An acceptable answer repeats exactly the line containing "Combining a casual" and all lines that follow it in the listing below, and it includes no pictures.

Dataset content:
'''

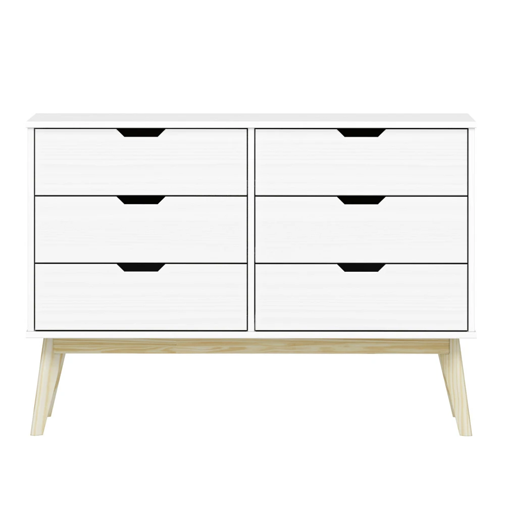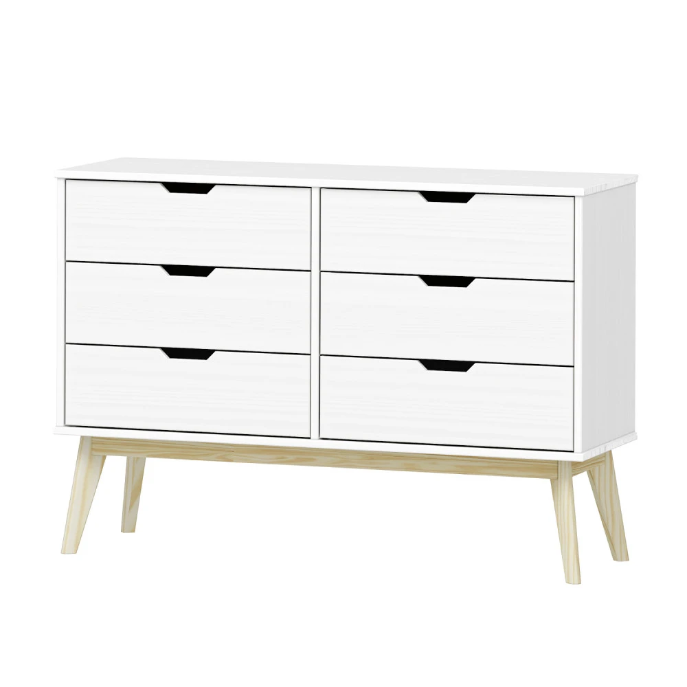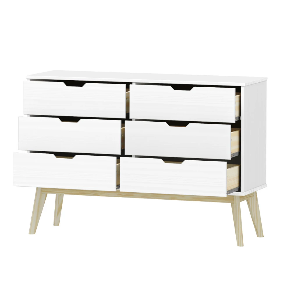 materiál masiv borovice, barevné provedení bílý lak 6 zásuvek s kovovými pojezdy
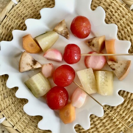 Menus du Samedi 19 août 2023 Le meilleur: les mini tomates (pelées) ajoutées il y a 3 jours. le concombre, plus ancien, très bon aussi Déjeuner Légumes au vinaigre à la nippone Salade de haricots plats et haricots verts Mirabelles si mignonnes Dîner Soupe au pistou, suite et fin. Servie tiède Pain grillé et fromage: brebis Figues et fin du coulis de framboises
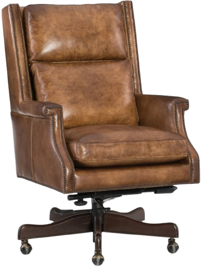 Combining a casual pub back with a timeless, tasteful silhouette, the Becket Executive Swivel Tilt Chair is covered in the luxurious checkmate pawn handwiped aniline top grain leather with a wood base in the natchez brown finish. On casters, it is height-adjustable with a pneumatic lift.Read More
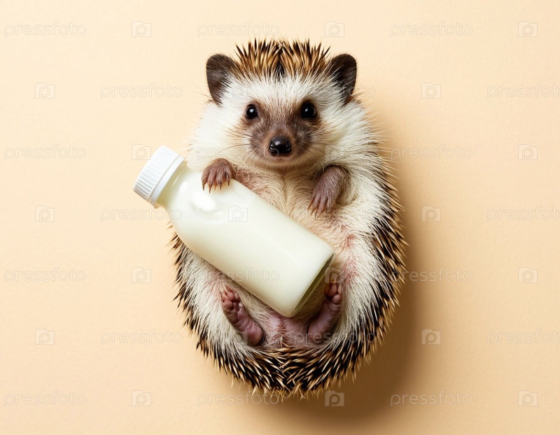 Ежик с бутылкой молока на бежевом фоне. Генерируется ИИ

'''

Result of this task:
 Combining a casual pub back with a timeless, tasteful silhouette, the Becket Executive Swivel Tilt Chair is covered in the luxurious checkmate pawn handwiped aniline top grain leather with a wood base in the natchez brown finish. On casters, it is height-adjustable with a pneumatic lift.Read More
 Ежик с бутылкой молока на бежевом фоне. Генерируется ИИ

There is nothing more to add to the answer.